Task brief
Each entry below is to be returned exactly, with any pictures left out.

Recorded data
—————

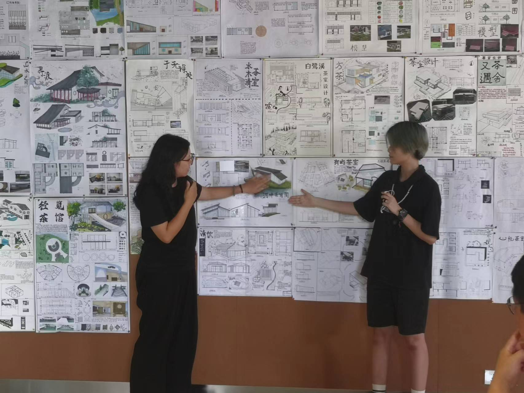评图活动正式开始,2023级城乡规划、风景园林、环境设计的员工代表纷纷展示了自己精心设计的校园茶室作品,同学们展现了他们经过12周的教学,对建筑设计的初步理解。
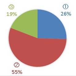 20代は平均1.5ですが、50代になるにつれて③に近くなっています。
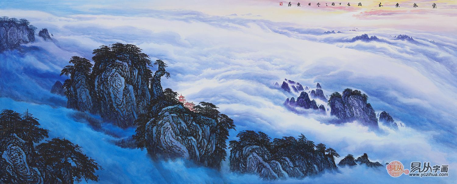 黄山云海图 中美协画家赵洪霞较新力作《紫气东来》(作品出自:【易从网】)
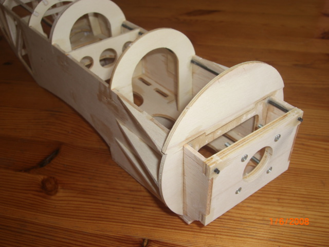 ... das Rumpfvorderteil habe ich mittels Holzplatten fixiert und verklebt ... zu sehen sind auch die 2mm-CFK-Rumfgurte
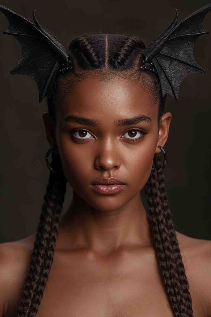 Braids shaped into bat wings across the back of the head look intricate and stunning. This one’s a guaranteed showstopper.

—————

Result
评图活动正式开始,2023级城乡规划、风景园林、环境设计的员工代表纷纷展示了自己精心设计的校园茶室作品,同学们展现了他们经过12周的教学,对建筑设计的初步理解。
 20代は平均1.5ですが、50代になるにつれて③に近くなっています。
 黄山云海图 中美协画家赵洪霞较新力作《紫气东来》(作品出自:【易从网】)
 ... das Rumpfvorderteil habe ich mittels Holzplatten fixiert und verklebt ... zu sehen sind auch die 2mm-CFK-Rumfgurte
 Braids shaped into bat wings across the back of the head look intricate and stunning. This one’s a guaranteed showstopper.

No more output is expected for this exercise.